Nowadays, we observe a strong and rewarding relationship between children and their parents; the generational conflict such as the one seen in the sixties and seventies of the last century seems to have vanished. Nevertheless, the quality of relationships can suffer under tensions caused by different values and norms. A study in the US state of Massachusetts researched mother-child dyads and looked more intensively at 64 mothers who reported estrangement from at least one of their children. The authors defined the relationship as estranged when mothers reported on having no contact with the child – either face-to-face or via telephone – in the last month, or having contact of any type but less than once a month.

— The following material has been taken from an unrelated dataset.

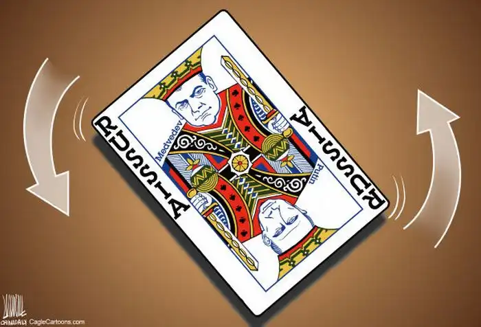 Путин и Медведев меняются шапками

Do norms or values matter? To answer this, the researchers used following indicators for measurement: The similarity of values was measured by asking the mothers to describe to which degree was their children’s global outlook similar to their own. Norm violation was measured by looking at the children’s problems with drinking or drugs and with the law in adulthood. No major crimes occurred in the sample.

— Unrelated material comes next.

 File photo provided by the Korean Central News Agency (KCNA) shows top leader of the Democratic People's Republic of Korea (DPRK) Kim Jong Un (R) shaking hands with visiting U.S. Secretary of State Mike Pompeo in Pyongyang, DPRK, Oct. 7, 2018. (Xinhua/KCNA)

Though the authors controlled for family size, race and depression, no significant correlation between these indicators and estrangement was found.

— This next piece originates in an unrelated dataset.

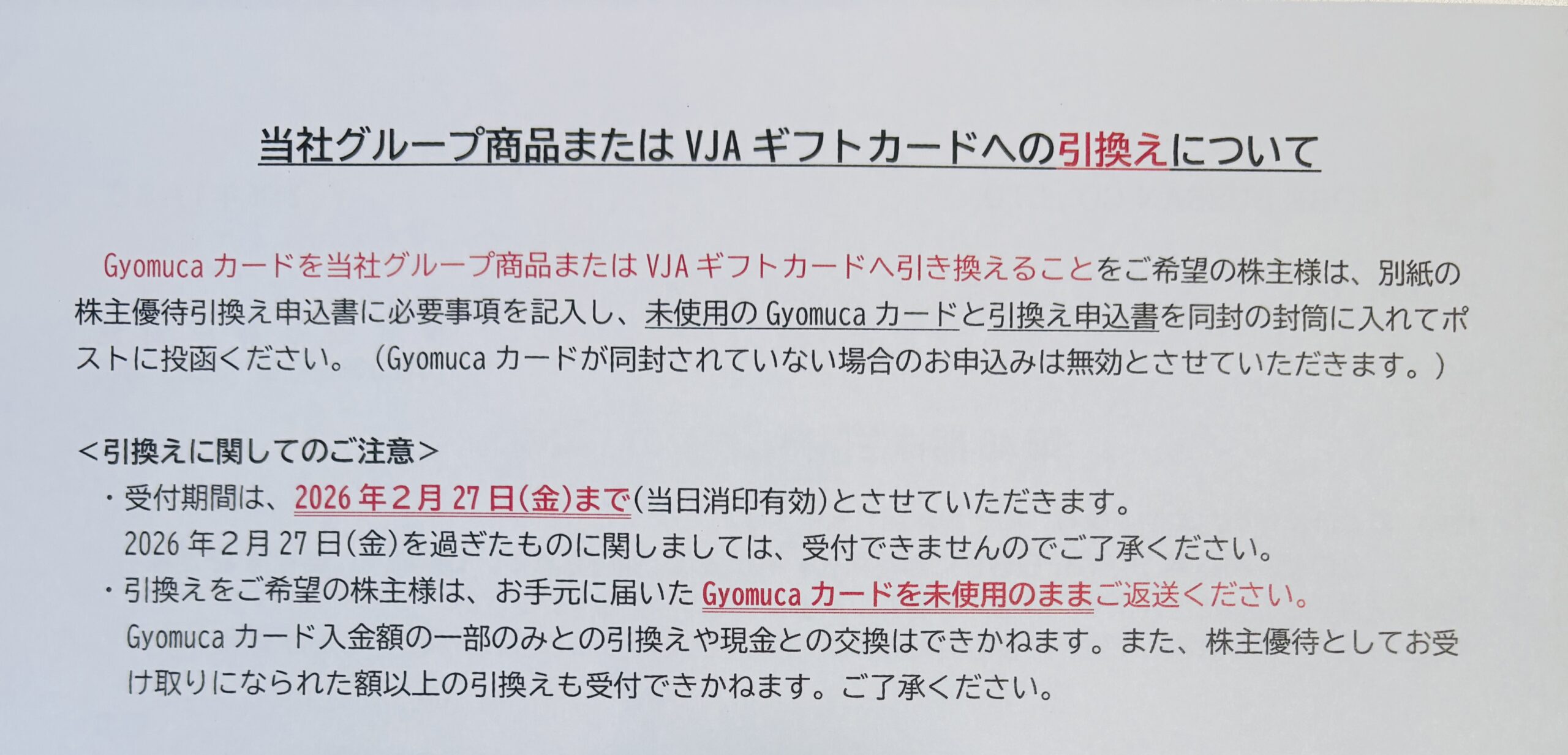▼というわけで…… 同封されていた封筒を返送し、VJAギフトカードと交換していただこうと思います。

Only one indicator on the mothers’ side showed significant results: married mothers were less likely to have one estranged child than widowed or single mothers.

The remarkable overall result was that values did have influence, whilst the norms did not: When there was a strong dissimilarity between mothers’ global outlooks to those of their adult children estrangement was likely to occur, whereas no such correlation was found in the dissimilarity of norms accepted by the mothers and those accepted by their adult children.

This qualitative study allowed the researchers to look deeper into the correlation. Mothers explicitly placed higher importance to their values and less to societal norms, and tolerated a violation of norms as long as the values were similar.  Fathers’ relationships to their adult children was not under study in this research.


What do the results mean?

In my opinion the results are very much ”american“ in the sense that the dominance of values over societal norms might occur in a rather individualistic and pluralistic society where the single person counts more than the society as a whole. I doubt that in collective societies as in, for instance, the Chinese society, the results would be the same.

Qualitative interviews also show that religious values were often very important to the mothers:  This fact is likely to be found in a less secularized society such as the United States where religion plays a more important role than in, for instance, Europe. We should therefore avoid generalization of the results and their application across the world.

A further explanation more related to sociological theory can also be offered: We always observe a gap between the values and the norms, and although we usually assume that people behave according to their values, this is not true. People sometimes express opinions without following them in everyday behavior. One example within family sociology can be offered, namely that although there is a great prevalence of fathers participating equally in parenthood activities in Europe, the practice still shows a discrepancy.

Although limited to a specific society, the study shows that emotional relations, a consensus view of reality and a very diffuse but consistent feeling of belonging matter more than deeds.